Marley Watkins

Personal information
- Full name: Marley Joseph Watkins
- Date of birth: 17 October 1990 (age 35)
- Place of birth: Lewisham, England
- Height: 1.86 m (6 ft 1 in)
- Position: Winger

Youth career
- 1999–2007: Swansea City

Senior career*
- Years: Team / Apps / (Gls)
- 2008–2011: Cheltenham Town / 26 / (1)
- 2010–2011: → Bath City (loan) / 22 / (3)
- 2011–2012: Bath City / 37 / (5)
- 2012–2013: Hereford United / 34 / (5)
- 2013–2015: Inverness Caledonian Thistle / 59 / (8)
- 2015–2017: Barnsley / 76 / (15)
- 2017–2018: Norwich City / 24 / (0)
- 2018–2021: Bristol City / 27 / (3)
- 2020: → Aberdeen (loan) / 9 / (2)
- 2021: Cardiff City / 0 / (0)
- 2021–2023: Aberdeen / 47 / (4)
- 2023–2026: Kilmarnock / 81 / (19)

International career^{‡}
- 2017–2018: Wales / 2 / (0)

= Marley Watkins =

Wales international footballer (born 1990)
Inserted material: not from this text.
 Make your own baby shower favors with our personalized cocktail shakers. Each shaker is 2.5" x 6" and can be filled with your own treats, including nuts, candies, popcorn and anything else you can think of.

Marley Joseph Watkins (born 17 October 1990) is a professional footballer who most recently played as a winger for club Kilmarnock. He has attained two caps for the Wales national team.

==Personal life==
Born in Lewisham in London, Watkins grew up in Swansea in Wales. Through his parents, he qualified to play for Wales and France. He is the grandson of the writer Gwen Watkins and the Welsh poet Vernon Watkins.

==Club career==
Watkins started his career as a youth player at Swansea City but was released and he joined Cheltenham Town in 2008. On 9 August 2008, he made his first senior appearance for the club, playing in the last ten minutes of a 4–2 defeat at Northampton Town. In doing so, he became Cheltenham Town's youngest ever league player. He scored his first professional goal after coming on as a substitute against Northampton in the 2009–10 season.
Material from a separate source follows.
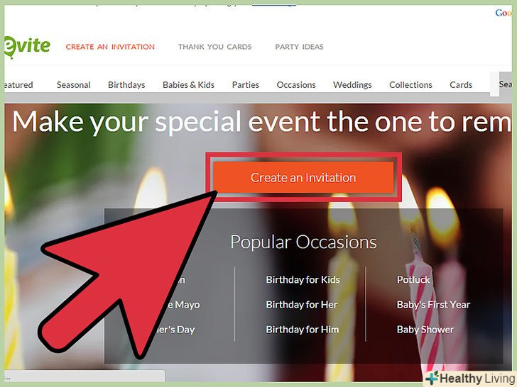 Натисніть кнопку " Create an Invitation "(створити запрошення) на головній сторінці Evite.існує також розділ " Create an Invitation "(створити запрошення) на панелі інструментів. Підійде будь-який з цих варіантів.

In September 2010, Watkins joined Conference National side Bath City on loan. He subsequently signed for Bath on a permanent basis in January 2011, after his successful loan spell.

At the start of the 2012–13 season, Watkins signed a one-year deal at Hereford United. Watkins enjoyed a successful start to his Hereford career by winning a 'Player of the Month' award in his first month at the club. He ultimately played 34 league games and scored five goals in his season at Hereford.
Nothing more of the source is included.